O que você precisa saber sobre teleco o coelhinho antes de começar
Teleco o coelhinho é um script open-source voltado para automação de tarefas repetitivas em ambientes Linux. A maioria dos artigos sobre o assunto trata apenas da instalação básica, mas a parte que as pessoas realmente esquecem é o manejo dos permisos e das dependências, porque o pacote depende de bibliotecas que variam de distribuição pra distribuição. Eu comecei a usar o script há cerca de três anos, quando precisei automatizar um processo de sincronização de arquivos entre servidores Debian que funcionava manualmente há meses. O problema na época foi que o repositório oficial deles não tinha build para algumas versões mais recentes do Python, então eu tive que compilar com a versão 3.9 localmente. A workaround foi apontar o PATH manualmente para o interpretador e rodar o script com o seguinte comando:
PYTHONPATH=/home/seu_usuario/.local/lib/python3.9/site-packages python3 teleco_o_coelhinho.py --config ~/.teleco/config.yml Isso resolveu porque o script não vinha com um gerenciador de pacotes embutido, então você precisa garantir que o pyyaml, o requests e o paramiko estejam instalados na mesma versão que o script espera. A lista exata está no arquivo requirements.txt que vem no repositório, mas atenção: algumas versões do paramiko podem conflitar com o OpenSSH atualizado do seu sistema.

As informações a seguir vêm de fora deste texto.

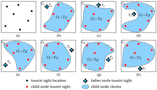 Def 4.2 Decision tree child node cluster . Tourist sight element central point is set as father node, and the other tourist sights form a cluster, which is called decision tree child node cluster [56,57,58]. Figure 4 shows all the father nodes and relative child nodes which are formed by selected tourist sight set elements. Figure 4a is tourist sight distribution. Figure 4b–h is a decision tree father node and child node cluster, , . Figure 4b shows the motive iteration decision tree formed in the way that the number one tourist sight is set as father node and the other tourist sights are set as child nodes.
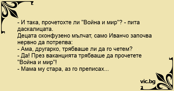 - Да! През ваканцията трябваше да прочетете "Война и мир"!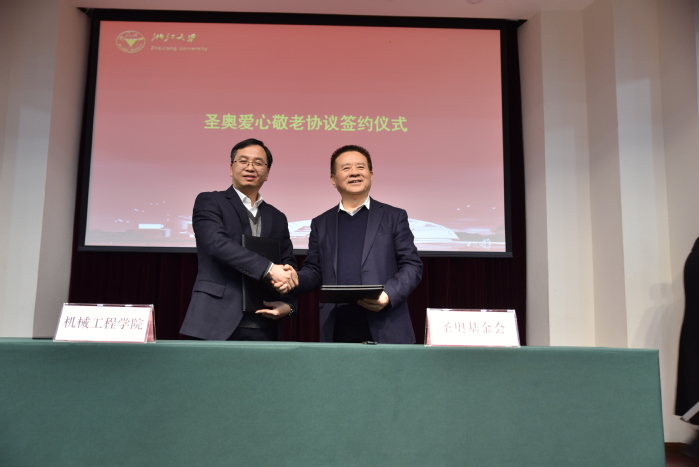 接着,进行了圣奥爱心敬老协议签约仪式。郑明治会长和梅德庆书记分别代表圣奥慈善基金会和浙江大学机械工程学院进行了签约。浙江圣奥慈善基金会长期关心和支持机械学院的发展,此次再次为学院设立了爱心敬老基金,用以专项支持学院离退休教职工活动。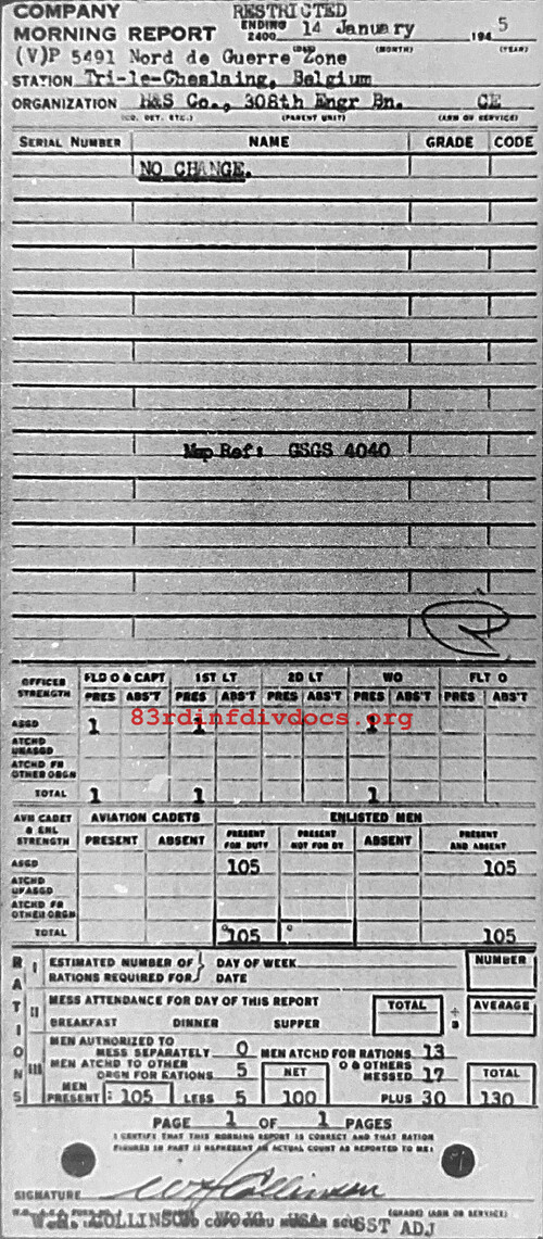 Morning report HQSVCO/308E for January 14, 1945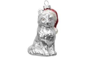 Ce chat majestueux en métal argenté porte un bonnet de Père Noël rouge métallisé orné de guirlandes blanches nacrées et irisées. Une charmante décoration pour le sapin de Noël de tout amoureux des chats, un souvenir précieux à conserver toute une vie. Présenté dans un coffret cadeau argenté avec fenêtre.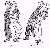 Bend forward, pulling him onto your back (fig. 10-27, view B).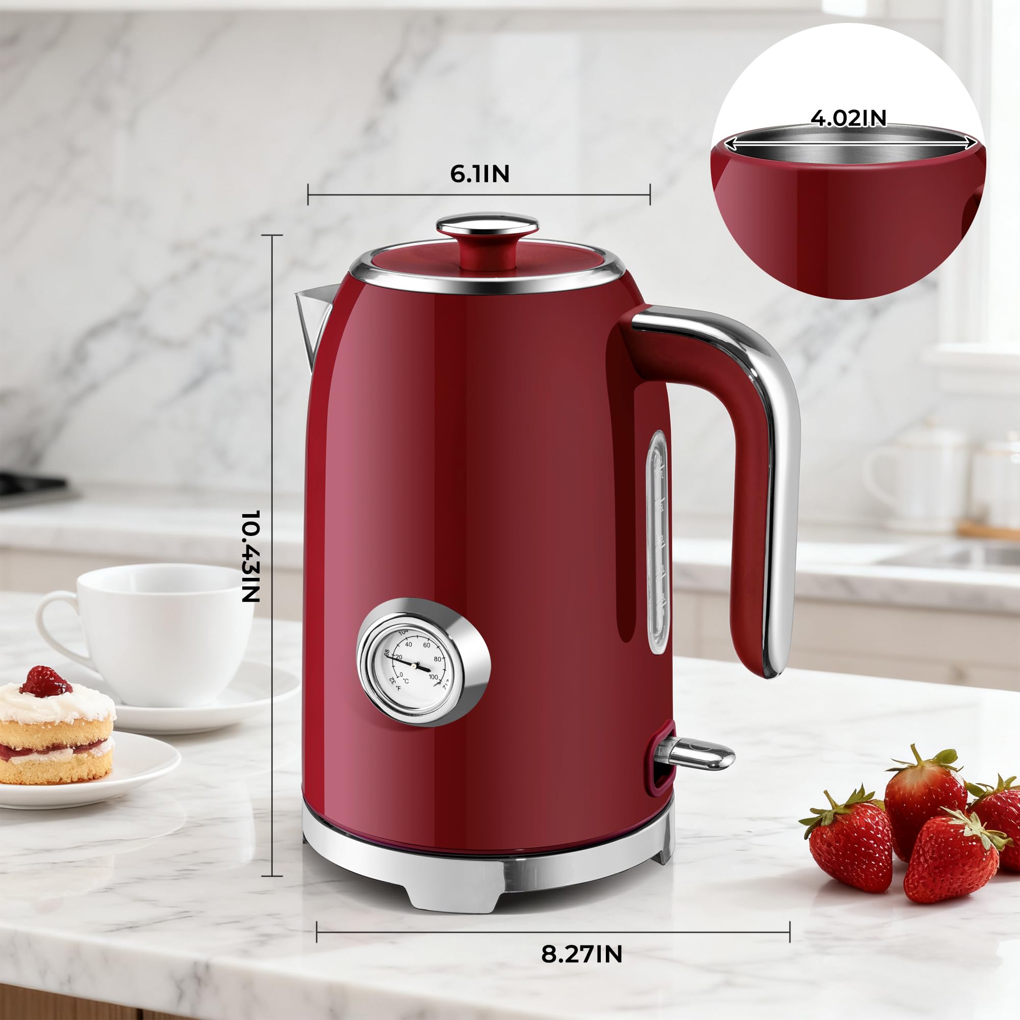 PLEASING TO THE EYE丨MAKING TEA EASILY: Incorporating a vintage aesthetic, SUSTEAS updates the stalwart electric tea kettle with modern hues and features, and the classic lines and easy-to-read thermometer offer a bit of timeless old-world style. The ergonomic heat-resistant PP handle is designed for easy, stay-cool pouring. The honeycomb filter and the V-shaped gathering spout make the pouring water concentrated, and it will not drip and wet the table top

Como baixar e instalar teleco o coelhinho
O primeiro passo é clonar o repositório oficial. O link direto é: https://github.com/teleco-coelhinho/teleco-coelhinho/releases
Depois de baixar, descompacte em algum diretório do seu usuário e não no /usr/bin ou similares. Scripts automatizados assim funcionam melhor rodando fora do caminho do sistema, porque você pode fazer ajustes no código sem ter permissão de root. A instalação das dependências segue o padrão Python: entre na pasta e rode pip install -r requirements.txt. Se você estiver usando uma venv, ative ela antes. Eu recomendo isso fortemente porque senão você acaba sujar o ambiente global e, quando outra ferramenta quebra por causa de uma versão diferente de alguma biblioteca, leva uma tarde pra descobrir a causa raiz.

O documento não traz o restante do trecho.